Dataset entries
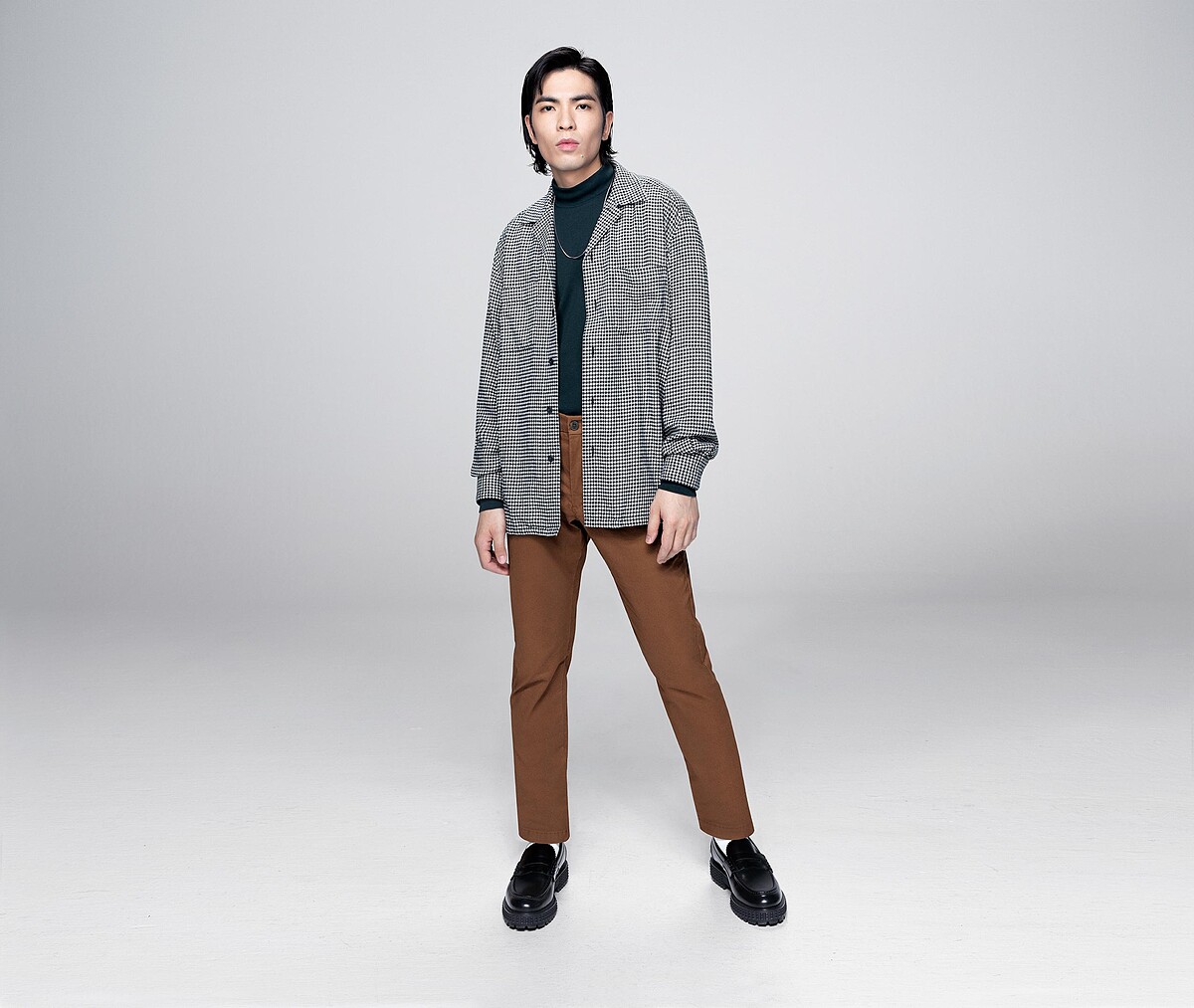第二套「新設計」主題是老蕭最喜歡的一套穿搭,他表示經典與設創新的新碰撞,就像老歌翻唱一樣,這身經典寬版法蘭絨開領襯衫搭配全新Slim Fit卡其褲的裝扮,帥氣又俐落。
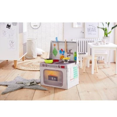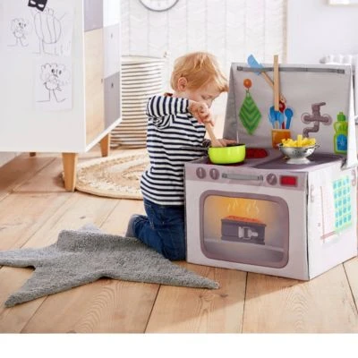 Kochen wie die Großen: In der Spielküche Kulinario von Haba können angehende Köchinnen und Bäcker ihrer Kreativität freien Lauf lassen. Spielküche von Haba mit aufklappbarem Backofen Schlaufen zum Aufhängen von Küchenutensilien zusammenklappbar ab 3 Jahren geeignet Herdplatten, Wasserhahn und Befestigungsmöglichkeiten für Kochlöffel und Co.: Diese Küche bietet alles, was für realitätsnahe Rollenspiele rund um Kochen und Backen, Abwaschen und Aufräumen benötigt wird. Highlight des farbenfrohen Designs ist der Backofen, der aufgeklappt werden kann. Die anderen Elemente sind aufgedruckt. Besonders praktisch: Ist die Spielküche nicht in Betrieb, kann sie zusammengeklappt und platzsparend verstaut werden.
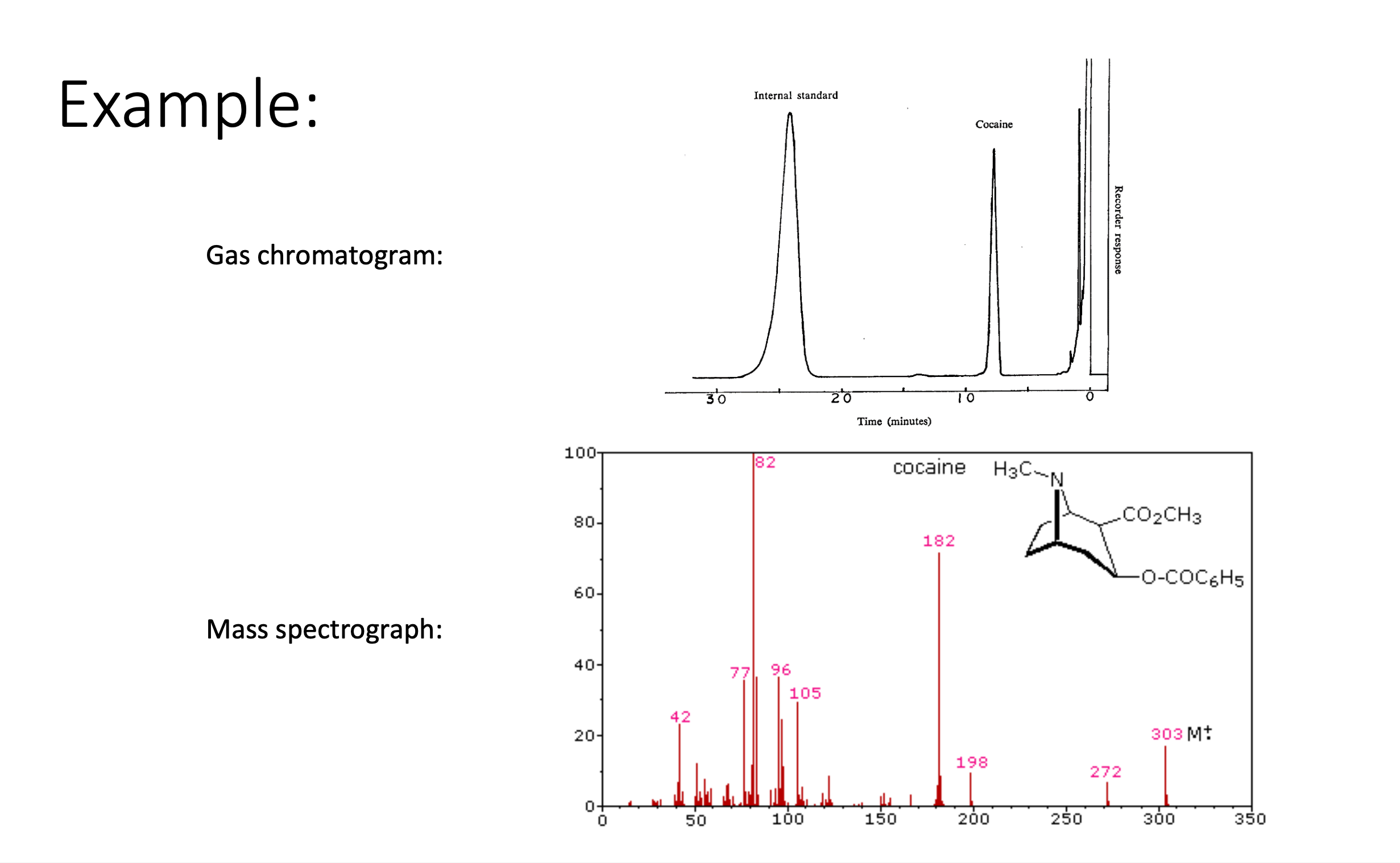 Mass spectrograph displays ion fragments ( values 303, 272, 182, 198, etc.) — unique “fingerprint” verifying cocaine identity.
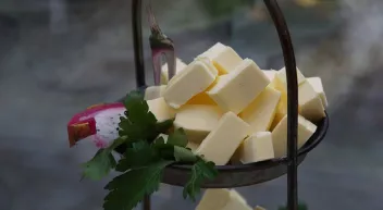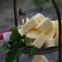 D'autre part, le safran, extrait des stigmates du Crocus sativus, est employé en très petite quantité. Ce dernier est d'abord délayé dans de l'eau chaude, puis filtré à travers un linge avant d'être mélangé à la crème destinée à la fabrication du beurre.
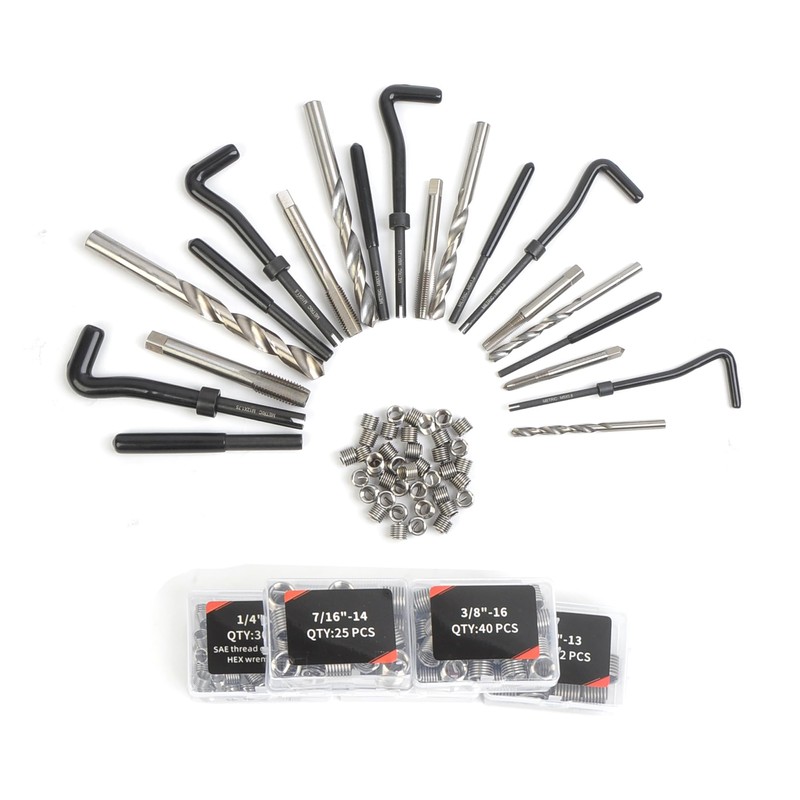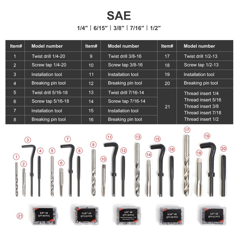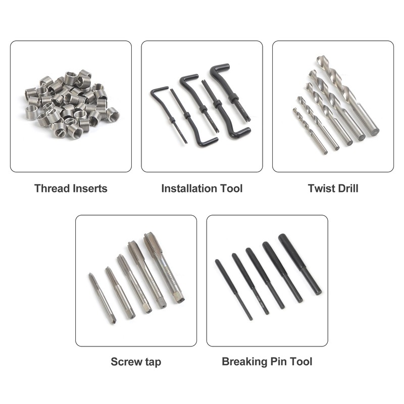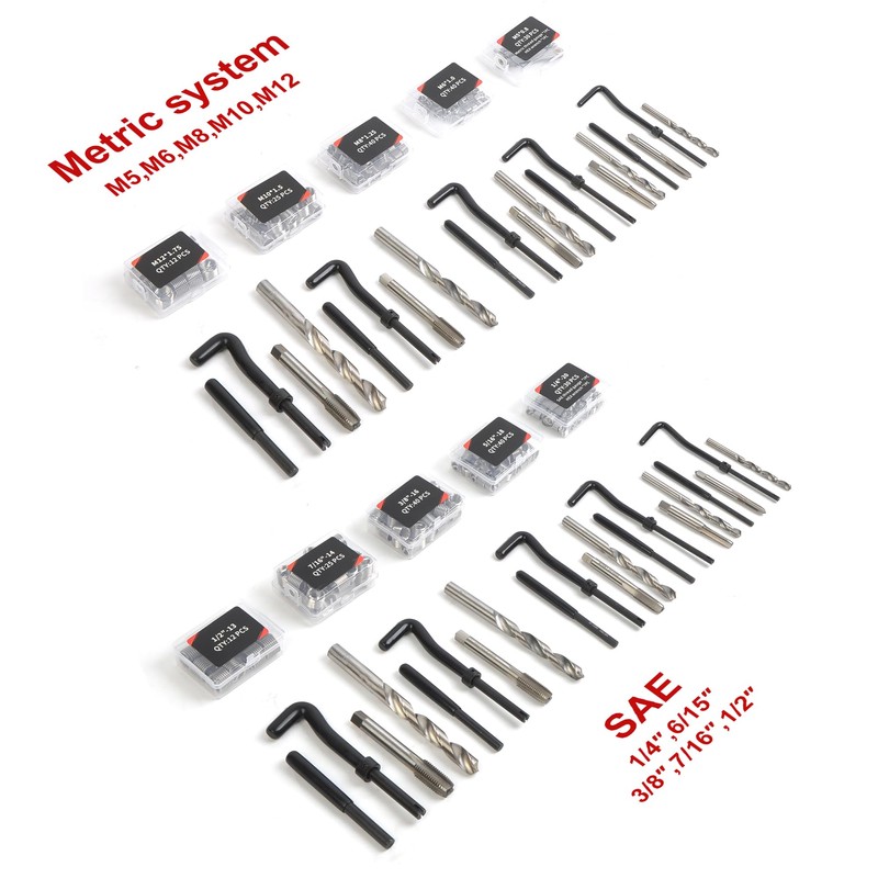 • Complete Thread Repair Kit Include: 110x Wire Thread Inserts M5 x 0.8 x 6.7mm / M6 x 1.0 x 8.0mm / M8 x 1.25 x 10.8mm / M10 x 1.5 x 13.5mm / M12 x 1.75 x 16.3mm; 110x Wire Thread Inserts 1/4"-20 / 5/16"-18 / 3/8"-16 / 7/16"-14 / 1/2"-13
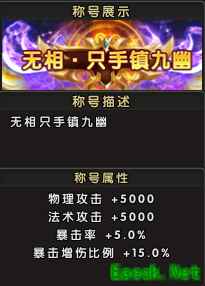 称号名称:无相・只手镇九幽 称号属性:物理攻击+5000,法术攻击+5000,暴击率+5.0%,暴击增伤比列+15.0% 解锁方式:参与新服累计充值活动,达到对应档位,即可领取该礼包;
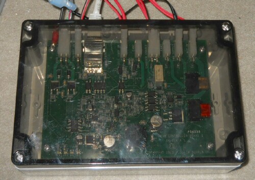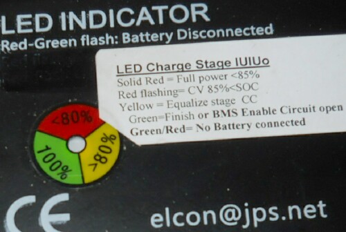 It has a small green light near top center that shows that the plug-in system is working. There are two jumper location near the top center, J14 & J15 that sometimes have to be closed to get the charger to work.
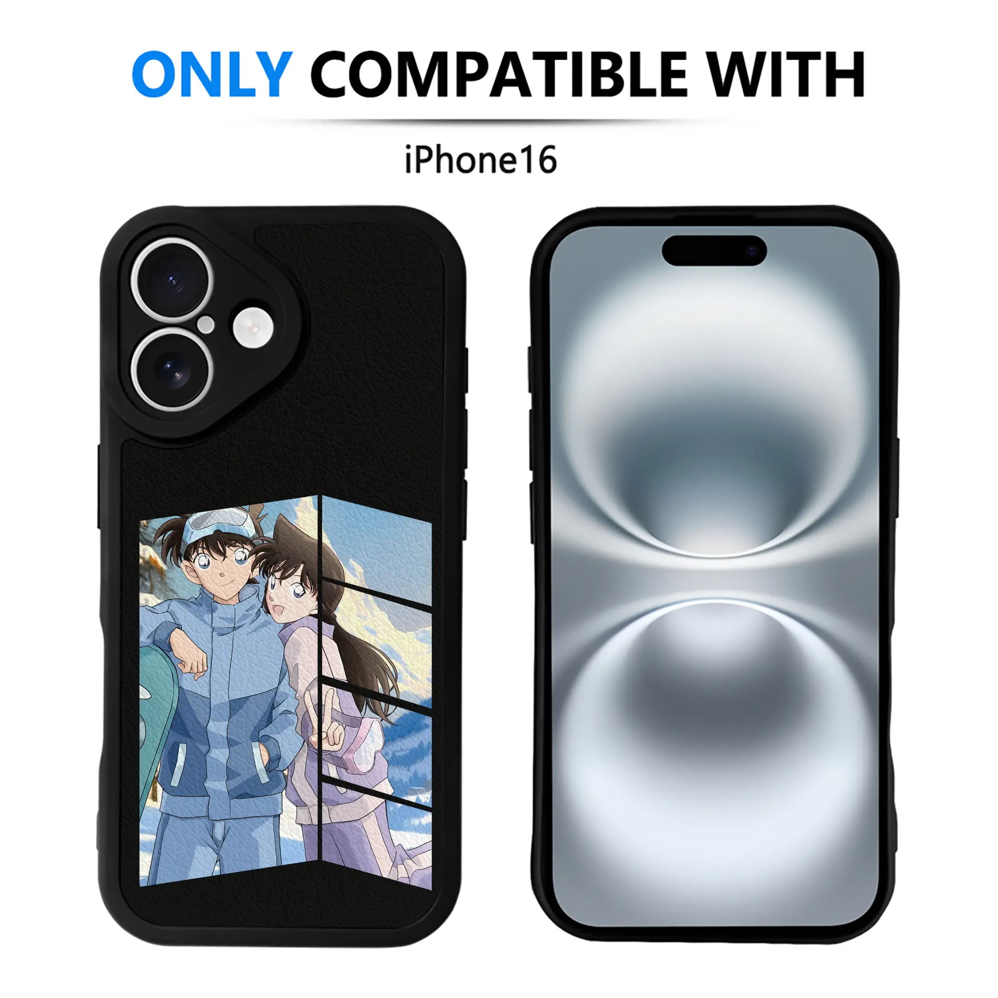 名探偵コナン グッズ 毛利 蘭 - IPhone 16シリーズ対応 ・ シリコンスマホケース ・ レザー調 ・ 高精度フィット ・ 耐衝撃 ・ ワイヤレス充電対応 ・ 精密カット
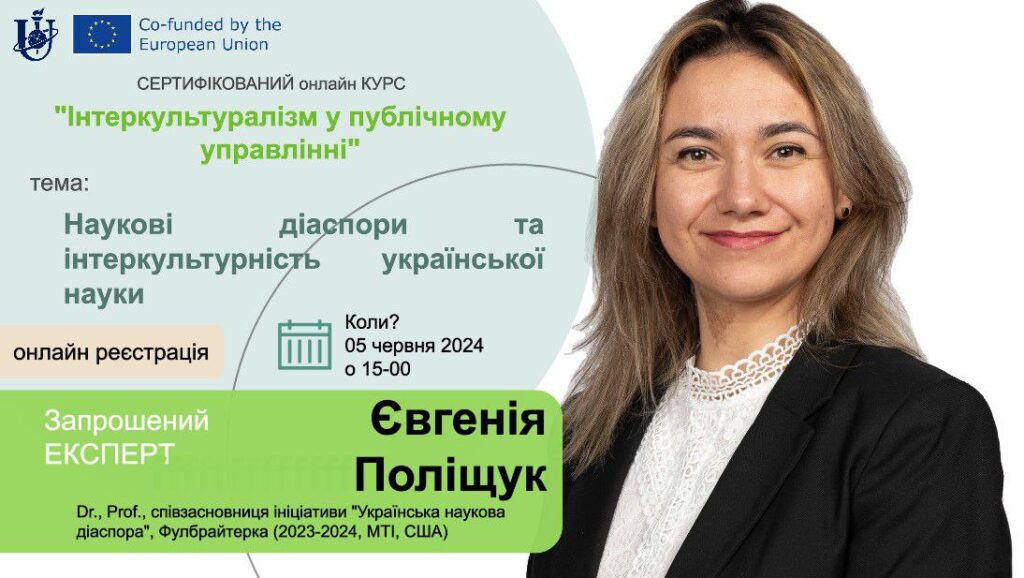 5.06 об 15-00 (Київ) – Євгенія Поліщук, Dr., Prof., співзасновниця ініціативи “Українська наукова діаспора”, стипендіатка Програми Фулбрайта (2023-2024, Массачусетський Технологічний Інститут, США). Тема виступу “Наукові діаспори та інтеркультурність української науки”.

## What you will do:
Set down exactly and only the lines from the start of the entries above through the line containing "D'autre part, le", both ends included, omitting the pictures.

## Your solution:
第二套「新設計」主題是老蕭最喜歡的一套穿搭,他表示經典與設創新的新碰撞,就像老歌翻唱一樣,這身經典寬版法蘭絨開領襯衫搭配全新Slim Fit卡其褲的裝扮,帥氣又俐落。
 Kochen wie die Großen: In der Spielküche Kulinario von Haba können angehende Köchinnen und Bäcker ihrer Kreativität freien Lauf lassen. Spielküche von Haba mit aufklappbarem Backofen Schlaufen zum Aufhängen von Küchenutensilien zusammenklappbar ab 3 Jahren geeignet Herdplatten, Wasserhahn und Befestigungsmöglichkeiten für Kochlöffel und Co.: Diese Küche bietet alles, was für realitätsnahe Rollenspiele rund um Kochen und Backen, Abwaschen und Aufräumen benötigt wird. Highlight des farbenfrohen Designs ist der Backofen, der aufgeklappt werden kann. Die anderen Elemente sind aufgedruckt. Besonders praktisch: Ist die Spielküche nicht in Betrieb, kann sie zusammengeklappt und platzsparend verstaut werden.
 Mass spectrograph displays ion fragments ( values 303, 272, 182, 198, etc.) — unique “fingerprint” verifying cocaine identity.
 D'autre part, le safran, extrait des stigmates du Crocus sativus, est employé en très petite quantité. Ce dernier est d'abord délayé dans de l'eau chaude, puis filtré à travers un linge avant d'être mélangé à la crème destinée à la fabrication du beurre.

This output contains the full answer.